Argentina: A Very Brief Story on the Importance of Independent Monetary Policy

Much has been said about the lack of monetary tools available to the Greeks in their fight to remain a solvent sovereign. While not entirely similar to the Greek situation, Argentina’s currency board regime in the 1990s is a good example of the importance of independent monetary policy. This cautionary tale goes as follows:

After an inflationary period in the late 1980s, Argentina created a currency board arrangement in which the Argentinean peso was pegged to the U.S. dollar. During the peak periods of hyperinflation, Argentineans had begun to reject the peso and demand the U.S. dollar instead. The currency board arrangement constrained the Argentinean Central Bank to keep its dollar reserves at the same level as the cash in circulation. Thus, in pegging the peso to the dollar, the Argentinean currency board tamed inflation by restoring the function of money as a store of value. However, in 2001, a decade after its creation, Argentina’s currency board collapsed amidst a run on the currency and a broader financial crisis.

The question, therefore, is what caused an effective inflation fighting mechanism to suddenly collapse? The answer: inherent features of the mechanism itself; the currency board arrangement allowed Argentina’s nominal exchange rate to become substantially overvalued. To understand this point, it is necessary to understand Argentina’s trade structure.

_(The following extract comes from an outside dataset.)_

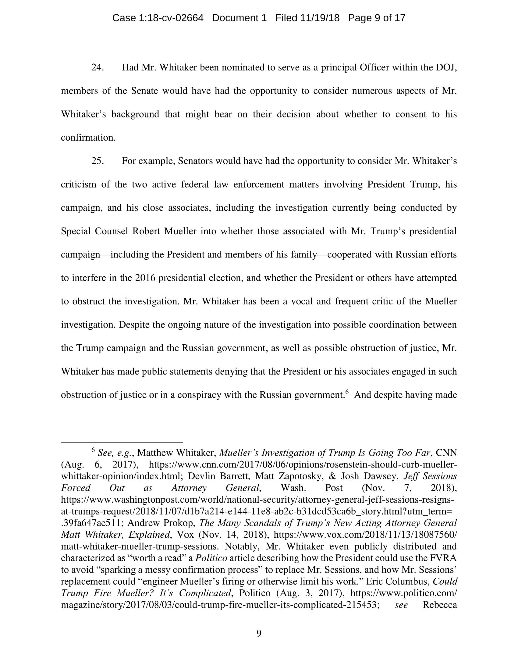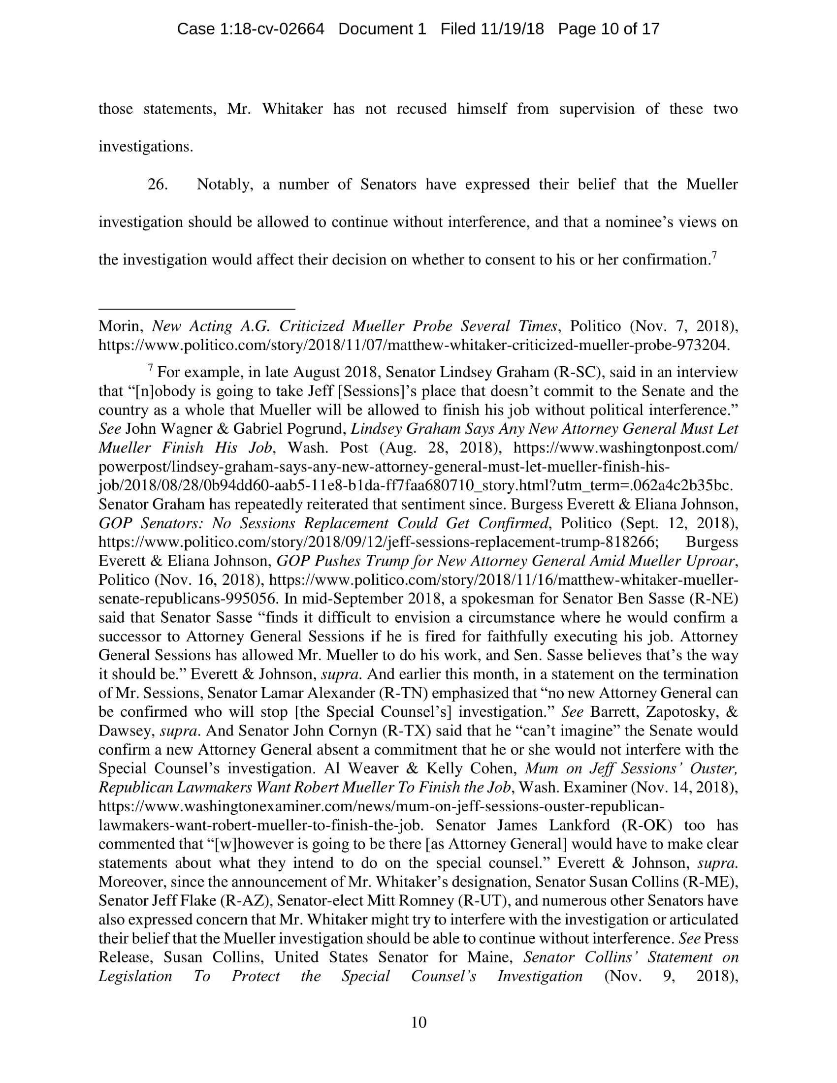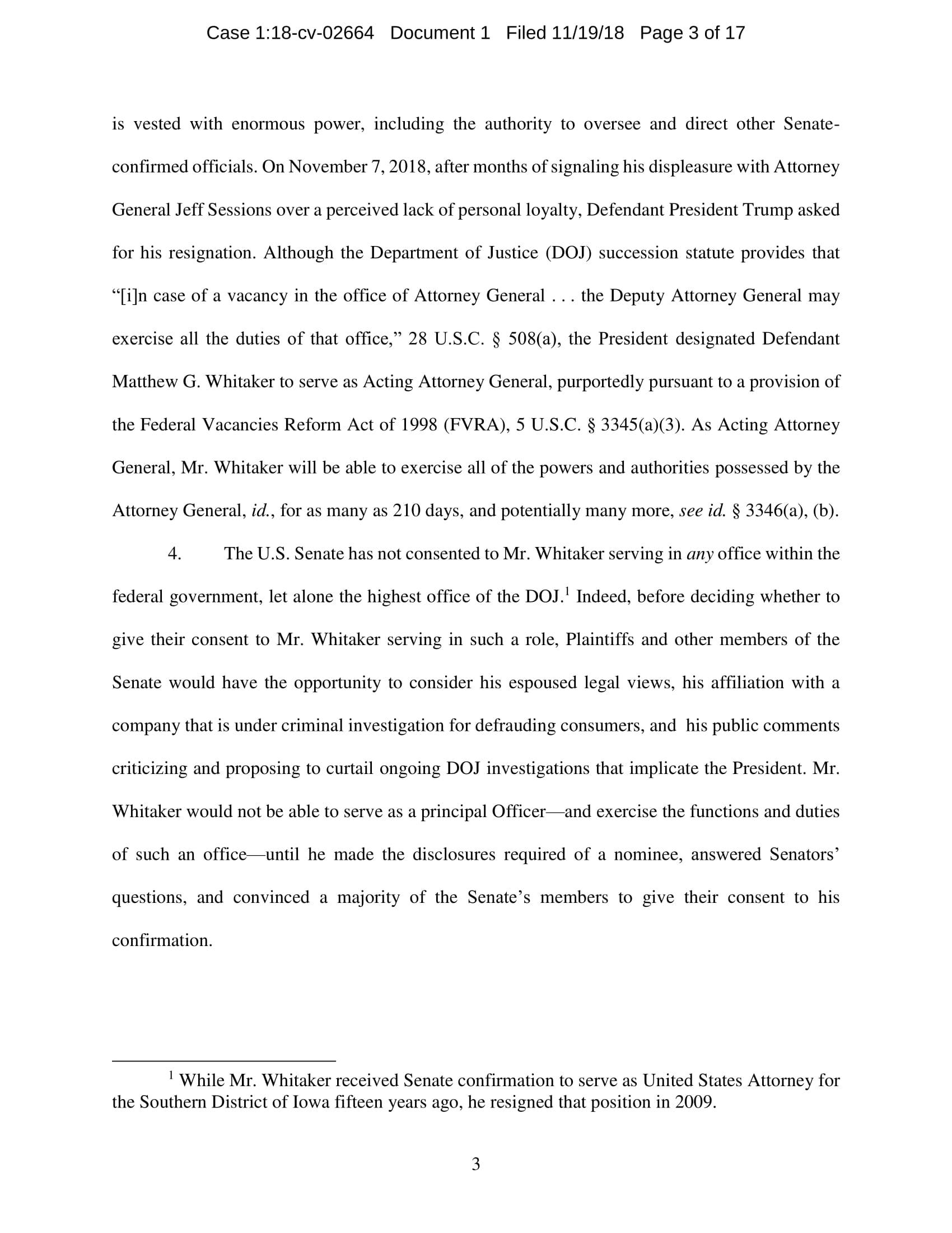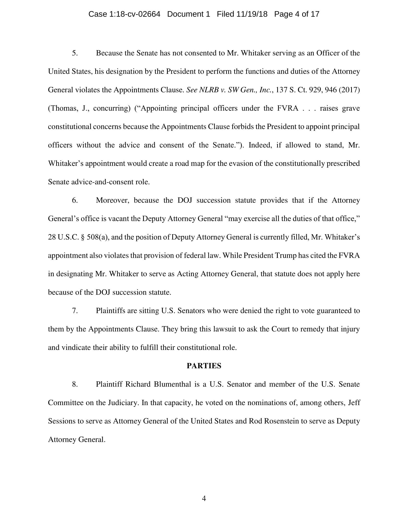 On November 7, President Trump appointed Whitaker to oversee the Department of Justice – including the Special Counsel’s investigation – in violation of the Constitution’s Appointments Clause. The Senators’ complaint asks the Court to declare Whitaker’s appointment unconstitutional and to enjoin him from serving as, or carrying out the duties of, Acting Attorney General.

Argentina had a relatively diversified trading pattern with nations whose currencies fluctuate against the U.S. dollar. In pegging the peso to the dollar, only trade with the United States gained price stability. However, other important trading partners, such as Brazil, saw prices fluctuate. Thus, when the Brazilian real depreciated in the late 1990s and the U.S. dollar appreciated, Argentina’s exports became uncompetitive to many of the country’s major trading partners. This in turn hurt the export sector in Argentina and its total output. For this reason capital inflows began to decline in 1999 and foreign exchange reserves started to decrease.

Typically, to emerge from such a period of weakened economic activity, a country needs to engage in fiscal expansionary policy that stimulates demand. The problem was that Argentina did not possess a substantial amount of foreign reserves to continue to engage in deficit spending. The only other policy option that would have been available to the Argentineans had also been taken away; the currency board arrangement itself precluded Argentina from making requisite changes to monetary policy. This meant that both fiscal and monetary policy, under the currency board arrangement, were practically impossible.

Ultimately, in January of 2002, Argentina halted its decade old currency board arrangement to devalue its peso and set it to $.71. This devaluation ultimately deteriorated the balance sheet of the banks, as liabilities grew (due to the depreciated exchange rate), while their asset values decreased due to a surge in non-performing loans as borrowers struggled to pay back dollar denominated debt (which had become a whole lot more expensive).

The currency board arrangement made it practically impossible for Argentina to make discretionary changes to monetary policy. A floating exchange rate could have effectively responded to external shocks, correcting for overvaluations of the Argentinean peso. An exit from the currency board in the mid-1990s, after inflation had been tamed, would have provided Argentinean monetary authorities the requisite tools to more effectively react to the appreciating nominal exchange rate. The point is that the basic ability to make discretionary changes in the nominal exchange rate would probably have reduced the likelihood of crisis and a currency run.

So, that is the Argentinean story. While it differs markedly from the problems associated with Greece, it presents the central theme that central banks need to have the tools to respond to economic problems. Both countries tried to participate in an optimum currency area whereby monetary policy was imported. In the case of Argentina, policy was imported from the US; the Greeks have been importing policy from the European Central Bank since the establishment of the Euro area. The former certainly didn’t work, the latter doesn’t seem to be either.